What to work on >>
Omit the pictures. Print each entry below exactly.

[Stored dataset items]
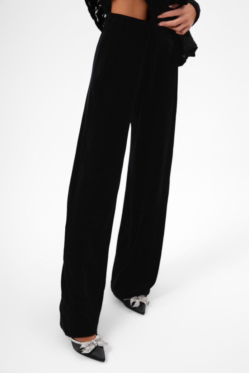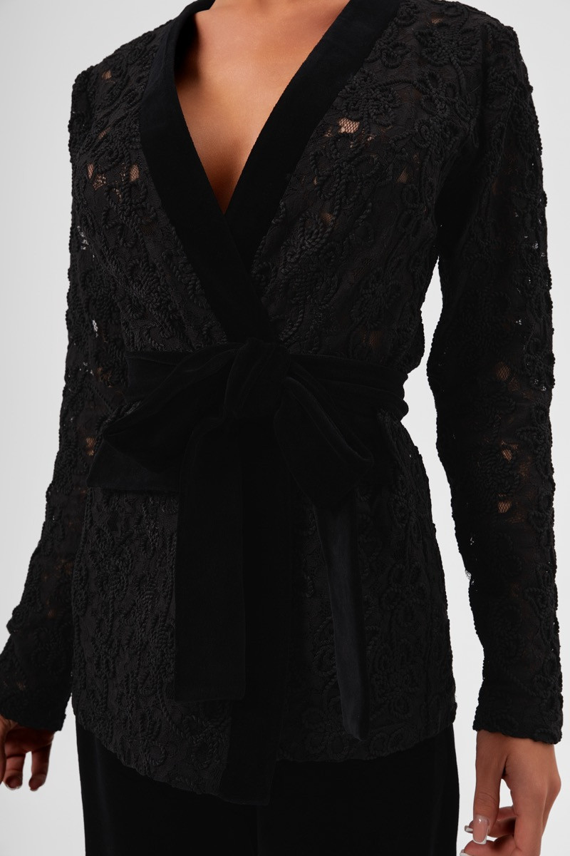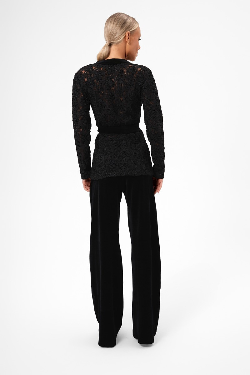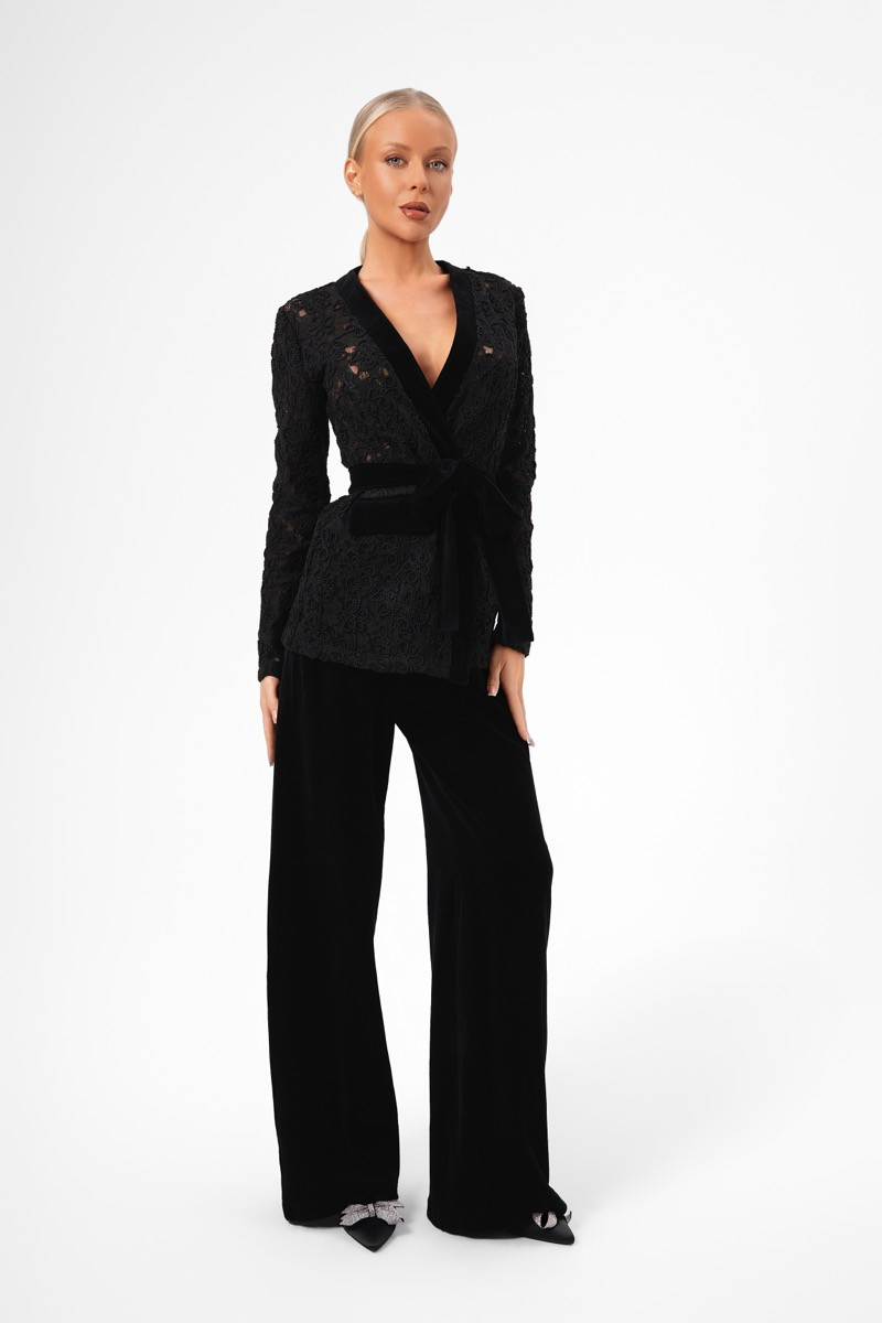 Сако с панталон кадифе е изискан комплект, който съчетава два луксозни материала – дантела и кадифе – в един стилен силует. Сакото е изработено от богата релефна дантела, подчернена с кадифени кантове и акценти. Дълбокото прехлупване отпред завършва с широка кадифена колан–панделка, която оформя талията и придава елегантна женственост. Панталонът е прав, изцяло от меко кадифе, което пада красиво и издължава силуета.Комбинация, която съчетава класа, финес и модерен прочит — идеална за вечерни събития, коктейли и специални поводи.
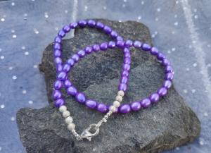 Halsband av sötvattenspärlor i en mörk lila färg och glittrande silverpärlor. Priset avser 1 st.
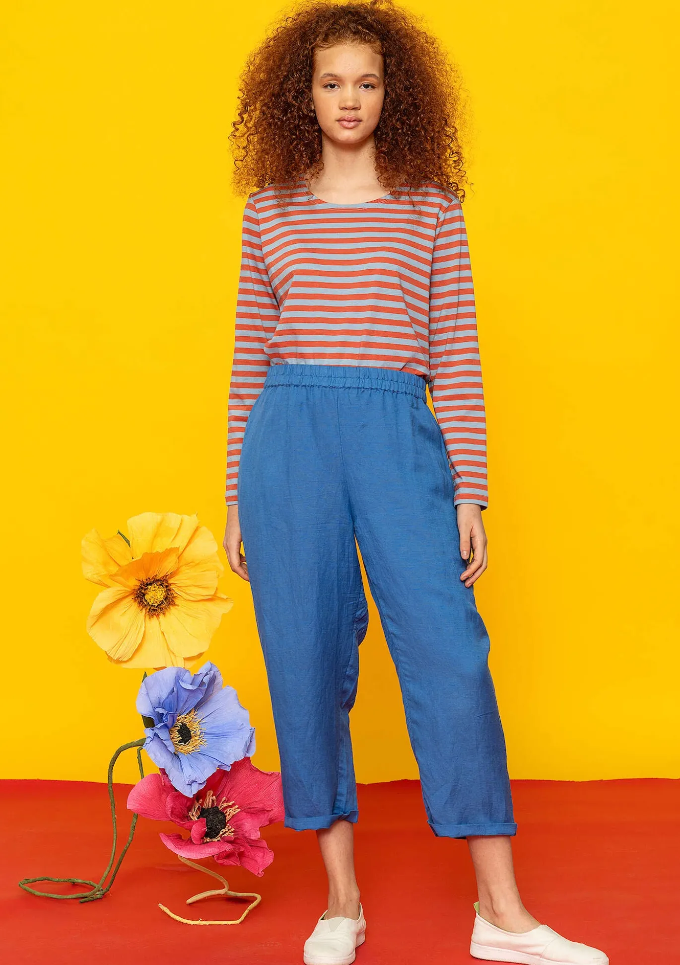 Knöchellange Hose mit innen liegendem Gummizug im Bund und Seitentaschen.
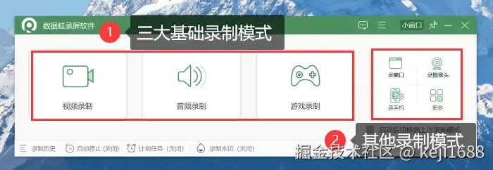 步骤1:在您的电脑上打开软件您将看到一个简洁的页面,在此页面根据您的录制需求选择合适的录制模式。
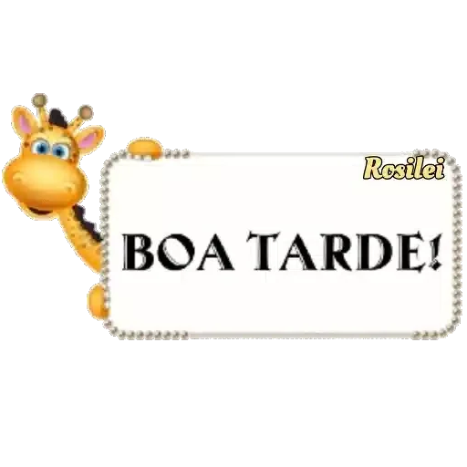 Um girafa amarelo com expressão feliz ao lado de um retângulo com a mensagem 'BOA TARDE!' em letras pretas.

Solution below >>
 Сако с панталон кадифе е изискан комплект, който съчетава два луксозни материала – дантела и кадифе – в един стилен силует. Сакото е изработено от богата релефна дантела, подчернена с кадифени кантове и акценти. Дълбокото прехлупване отпред завършва с широка кадифена колан–панделка, която оформя талията и придава елегантна женственост. Панталонът е прав, изцяло от меко кадифе, което пада красиво и издължава силуета.Комбинация, която съчетава класа, финес и модерен прочит — идеална за вечерни събития, коктейли и специални поводи.
 Halsband av sötvattenspärlor i en mörk lila färg och glittrande silverpärlor. Priset avser 1 st.
 Knöchellange Hose mit innen liegendem Gummizug im Bund und Seitentaschen.
 步骤1:在您的电脑上打开软件您将看到一个简洁的页面,在此页面根据您的录制需求选择合适的录制模式。
 Um girafa amarelo com expressão feliz ao lado de um retângulo com a mensagem 'BOA TARDE!' em letras pretas.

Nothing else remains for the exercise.